И заметьте, что такое «Книга о вкусной и здоровой пище»? Там же чуть ли не каперсы упоминаются. Мы, конечно, в итоге смогли купить каперсы и поняли, что они по вкусу похожи на оливки, только без косточек, и нам не нужны. И зря, пожалуй, эта соленая ерунда была таким предметом вдохновенных грез, но когда в пятидесятые годы в рецепте упоминаются каперсы, то это производило соответствующее впечатление. То есть надо понимать, что «Домострой» в его гастрономической части, равно как и «Книга о вкусной и здоровой пище», это некая социальная утопия. «Домострой» – он весь социальная утопия. Он описывает идеальную семью, как она должна быть и жить. Да, наверное, какое-то количество людей в России могли жить на материальном уровне, описанном в «Домострое». «Домострой» несколько более реалистичен в этом плане. «Книга о вкусной и здоровой пище» – это чистейшей воды утопия, потому что там, где еда с каперсами, там хозяйка не готовила.

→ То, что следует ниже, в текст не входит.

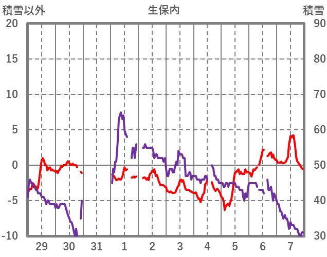 | 日 | 時 | 気温 | 降水 | 風向/風速 | 日照 | 積雪 | 降雪 |
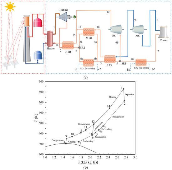 When the CO2 at the inlet of the main compressor reaches a critical point, it is then compressed to a high-pressure state by the main compressor (MC). The compressed fluid sequentially recovers waste heat through the low temperature recuperator (LTR) (9–10) and medium temperature recuperator (MTR) (10–11), ultimately merging with the recompressed stream at node 12. The flow through the high temperature recuperator (HTR) is reheated (13–14). Solar irradiation is concentrated onto the top collector through heliostat reflection, and the low-temperature molten salt from the cold tank is heated as it passes through the collector. The heated molten salt flow subsequently diverges into two streams: one directly supplies thermal energy to unit of CCHP, while the other is stored in the hot storage tank to maintain system operation during solar insolation deficits. The CO2 is heated by molten salt in the heater (14–1), then expands through the turbine for power generation (1–2). After releasing heat at the hot side of the HTR (2–3), the total mass flow rate is split into two streams. One stream enters the exchanger to drive absorption refrigeration (3b–4b), while the other stream flows through the MTR (3a–4a). These two streams recombine at node 5 before entering the LTR for further heat rejection (5–6). Then, the stream is split into two parts. One of the streams enters the exchanger to supply heating, while the other stream is compressed by the recompressor (RC). The CO2 is cooled to near-critical conditions in the air cooler (7–8) to complete the cycle. The T-s diagram of the CCHP is illustrated in Figure 1b.
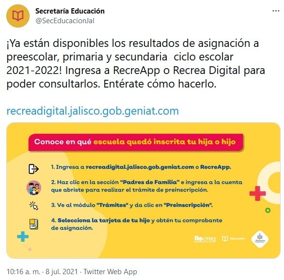 Si inscribiste a tus hijos para el ciclo escolar 2021-2022 en Jalisco, ya puedes checar las escuelas asignadas para preescolar, primaria y secundaria.La Secretaría de Educación Jalisco (SEJ) informó hoy que se pueden consultar las escuelas donde quedaron inscritos los estudiantes, a través de la plataforma Recrea Digital o la aplicación RecreApp.Juan Carlos Flores Miramontes, titular de la SEJ, detalló los procesos para consulta o para preinscribirse, previo al regreso a claes.Si ya se realizó el trámite de preinscripción, es posible pedir un cambio de escuela, a partir del 14 de julio podrá realizarse de la plataforma o aplicación señaladas.Y a partir del 16 de agosto podrán ir físicamente a la escuela donde se pidió el cambio para hacer el proceso.IM
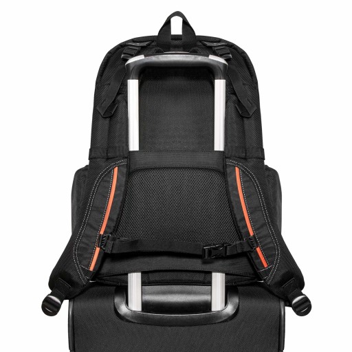 Everki Atlas pozwala bezpiecznie przewozić plecak na torbie podróżnej, specjalnie schowany pas pozwala przelozyc plecak przez uchwyt torby podróżnej.
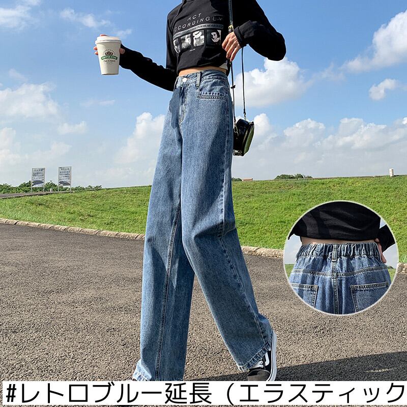 ウエストワイドレッグパンツ伸縮性ウエストジーンズレディースルーズドレープ初秋の婦人服2021新作スリムストレートパンツ エラスティック オータム 秋物 ワイドパンツ youqi93931089281
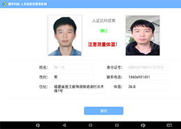 方案背景 受新冠肺炎疫情影響延長春節(jié)假期后,復工大潮來臨,疫情防治進入關鍵期,全國多地實施封閉式管理,嚴格管控人員出入,采取全員登記制度,但目前大部分地區(qū)仍使用人工登記,手寫登記項目繁多,如姓名、電話、體溫、地址等,同時頻繁交叉接觸寫字筆會增加感染風險,人工識別身份信息準確率較低,影響疫情防控工作。 方案介紹 捷宇科技依托多年在圖像視覺與智能交互領域上的技術(shù)積累與優(yōu)勢,針對目前嚴峻的疫情防控形勢,推出《捷宇科技防疫登記信息管理解決方案》。 該方案由前端采集設備+后端管理系統(tǒng)組成,通過人臉識別、身份證識別、指紋采集等功能,1秒即可完成核驗身份信息,信息采集準確率高, 核驗全程無接觸自動化 ,降低了交叉感染的風險。 結(jié)合第三方測溫儀,支持錄入體溫信息,管理系統(tǒng)自動同步保存人員信息,免去打字錄入,同時可保存每日核驗人數(shù),可排查人員是否來自疫情嚴重地區(qū),若出現(xiàn)體溫異常人員便于查找,減輕一線防疫工作人員的壓力。 方案優(yōu)勢 無接觸 身份核驗自動化,全程無接觸,降低感染風險 好管理 支持人員登記信息批量導出與查找,減輕防疫人員工作壓力 多模態(tài) 設備類型豐富,針對不同場景,多種識別模式可選 高精準 核驗軟件基于深度學習開發(fā),準確率超過99.5% 推薦產(chǎn)品 DC13雙目活體檢測模組 配置300萬寬動態(tài)+130萬紅外雙目活體檢測攝像頭 N1330雙目攝像頭 配置300萬寬動態(tài)+130萬紅外雙目活體檢測攝像頭  支持吸附式、夾持式、三角架式 X2DC雙目身份核驗儀 配置雙目活體檢測攝像頭  采用USB接口,即插即用 X3DC雙目身份核驗終端 配置雙目活體檢測攝像頭、身份證模塊、指紋模塊 Z10P人證核驗終端 配置身份證模塊、指紋模塊、單/雙目攝像頭等 Z10S人證核驗終端 配置身份證模塊、指紋模塊、單/雙目攝像頭等 Z20多模塊核驗終端 配置單/雙目攝像頭、雙屏異顯異觸、身份證模塊、指紋模塊、二維碼模塊等 M70移動式人證核驗終端 配置單/雙目攝像頭、身份證模塊、指紋模塊、電池等
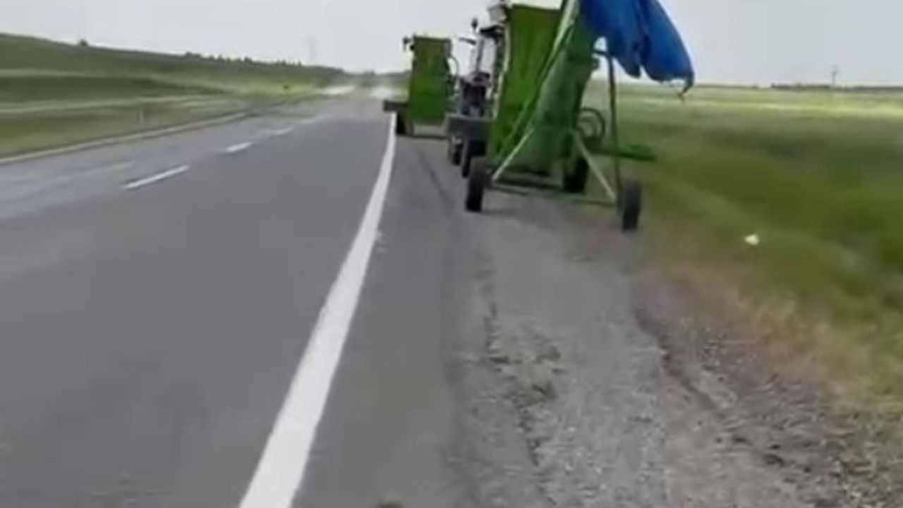 Siirt-Batman karayolunda seyir halindeki traktörün arkasına bağlı saman helezyonu aniden devrildi. Olay yerinde başka bir aracın bulunmaması faciayı önledi.
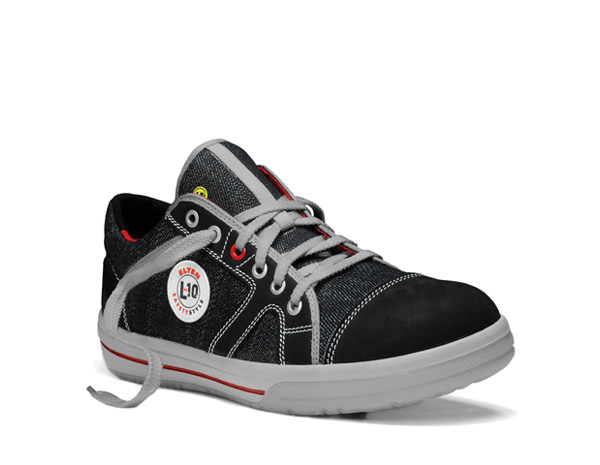 Obermaterial: Hydrophobiertes Textilmaterial in Jeans-Optik / Hydrophobiertes Nubukleder; Innenmaterial: Textilfutter Bioactive; Gepolsterte Lasche; Ganzflächige Einlegesohle L10 ESD; ESD-fähige Softvlies; Brandsohle; TPU/PU Sohle L10; Nach EN ISO 20345 S2, Form A; Extra: Dunkelgraue Senkel mit dabei
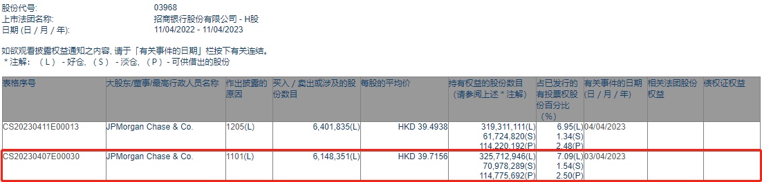 智通财经APP获悉,联交所最新资料显示,4月3日,小摩增持招商银行(03968)614.8351万股,每股作价39.7156港元,总金额约为2.44亿港元。增持后最新持股数目约为3.26亿股,最新持股比例为7.09%。
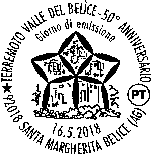 Emissione di un francobollo celebrativo del terremoto della Valle del Belìce, nel 50° anniversario.
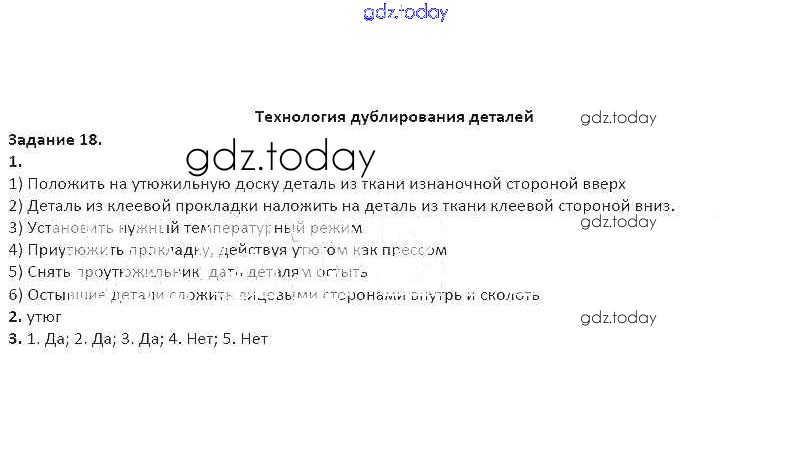На страницах сайта gdz.today вы найдете учебный и вспомогательный материал, направленный на улучшения знаний школьной программы. ГДЗ - онлайн мир знаний Решение к заданиям 18 Рабочей тетради по Технологии для 6 класса Синица Вентана-граф Алгоритм успеха 2019
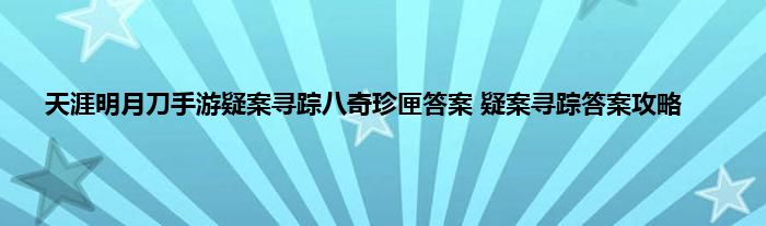 天涯明月刀手游有一个疑案寻踪八奇珍匣的活动,玩家需要找到疑案寻踪的答案,参考攻略可以快速的了解疑案寻踪八奇珍匣的答案,很多玩家不知道答案是什么,小编收集了一份详细的答案,下面就来尾随小编一起来看一下吧。
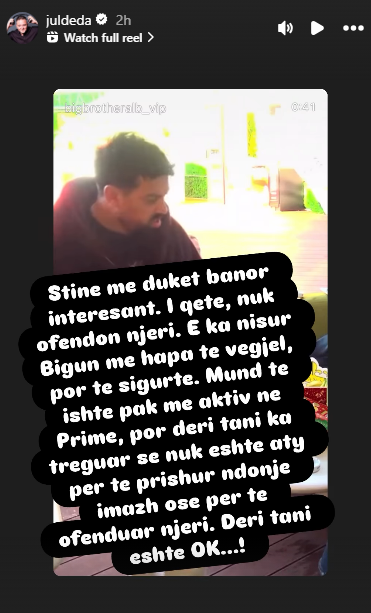 “Stine më duket banor interesant. I qetë, nuk ofendon njeri. E ka nisur Big-un me hapa të vegjël, por të sigurt. Mund të ishte pak më aktiv në Prime, por deri tani ka treguar se nuk është aty për të prishur ndonjë imazh ose për të ofenduar njeri. Deri tani është OK…!”, shkruan bashkëngjitur me videon Julian Deda.

Еще один момент. Я вам десять раз произнесла слово «утопия» применительно к русскому тексту XVI века. Да, этот утопический идеал весьма деспотичен. Но если вы помните историю, то XVI век – это, собственно, «Утопия», которая книга Томаса Мора, а еще это Кампанелла и другие утописты. И если вы откроете их тексты, то ой. Они от антиутопий отличаются только идиллическим настроем, а так… мы примерно это проходили сегодня в «Повести о Дракуле». Ну или в «Домострое».
Это очень интересное явление – утопическая мысль на Руси. То, что XVI век был веком утопий, хотя контакты между Русью и Европой были минимальны.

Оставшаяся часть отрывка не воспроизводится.